→ **Activity**
Reproduce the listing below from the line with "Maywood Supportive Living, Maywood" to the line with "CHURCH FELLOWSHIP IN TEMPORARY KITCHEN", both lines included, character for character, minus any pictures.

→ **Data supplied**
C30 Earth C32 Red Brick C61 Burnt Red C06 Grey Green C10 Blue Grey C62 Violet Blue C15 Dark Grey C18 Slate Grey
---
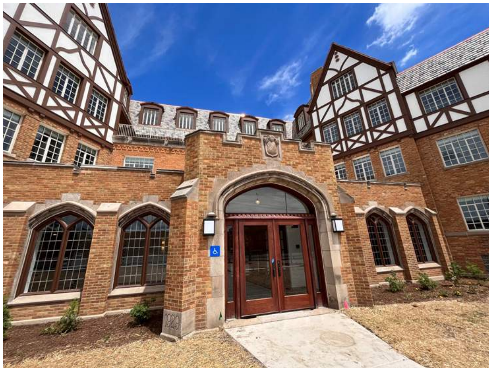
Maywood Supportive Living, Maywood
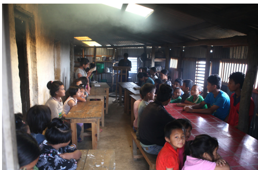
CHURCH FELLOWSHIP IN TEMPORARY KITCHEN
---
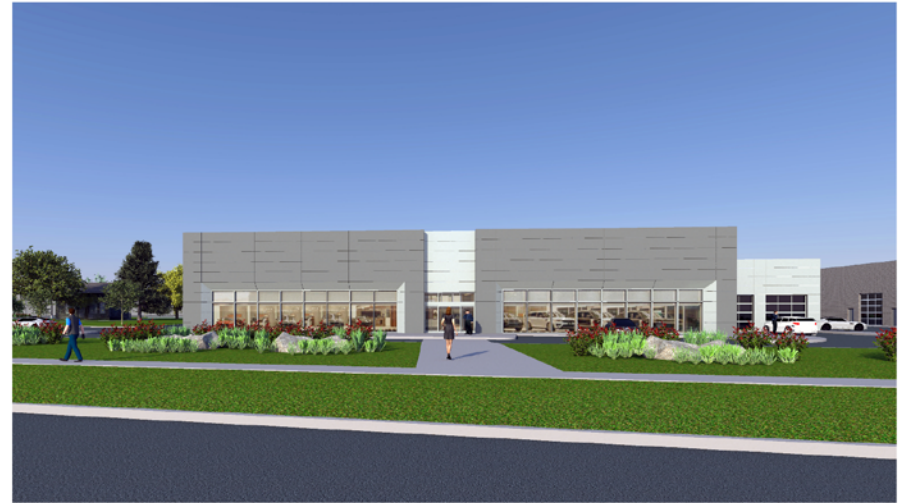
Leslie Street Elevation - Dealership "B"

→ **Problem solution**
Maywood Supportive Living, Maywood
CHURCH FELLOWSHIP IN TEMPORARY KITCHEN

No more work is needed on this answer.